If the hippocampal region isn’t required for procedural memory and priming, what parts of the brain are involved? Experiments have revealed that priming is associated with reduced activity in various regions of the cortex that are activated when people perform an unprimed task. For instance, when research participants are shown the word stem mot _______ or tab _______ and are asked to provide the first word that comes to mind, parts of the occipital lobe involved in visual processing and parts of the frontal lobe involved in word retrieval become active. But if people perform the same task after being primed by seeing motel and table, there’s less activity in these same regions (Buckner et al., 1995; Schott et al., 2005). Something similar happens when people see pictures of everyday objects on two different occasions. On the second exposure to a picture, there’s less activity in parts of the visual cortex that were activated by seeing the picture initially. Priming seems to make it easier for parts of the cortex that are involved in perceiving a word or object to identify the item after a recent exposure to it (Schacter, Dobbins, & Schnyer, 2004; Wiggs & Martin, 1998). This suggests that the brain saves a bit of processing time after priming (see FIGURE 6.13).

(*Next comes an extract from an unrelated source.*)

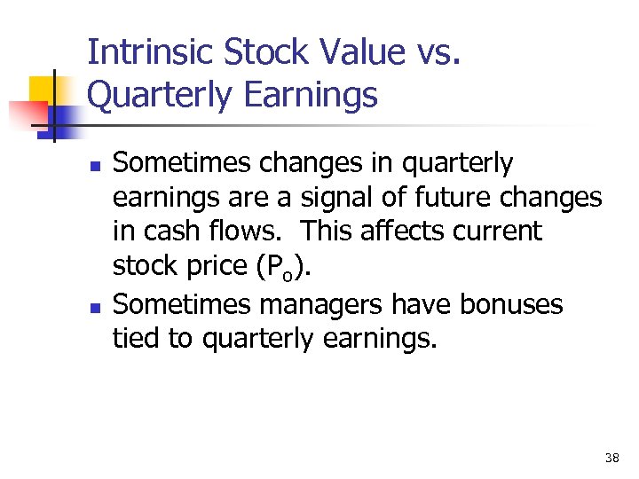 Intrinsic Stock Value vs. Quarterly Earnings n n Sometimes changes in quarterly earnings are a signal of future changes in cash flows. This affects current stock price (Po). Sometimes managers have bonuses tied to quarterly earnings. 38

Figure 6.13: Primed and Unprimed Processing of Stimuli Priming is associated with reduced levels of activation in the cortex on a number of different tasks. In each pair of fMRIs, the images on the upper left (A, C) show brain regions in the frontal lobe (A) and occipital/temporal lobe (C) that are active during an unprimed task (in this case, providing a word response to a visual word cue). The images on the lower right within each pair (B, D) show reduced activity in the same regions during the primed version of the same task.

D. L. SCHACTER & R. L. BUCKNER, 1998, PRIMIN G AND THE BRAIN, NEURON, 20, PP. 185–195.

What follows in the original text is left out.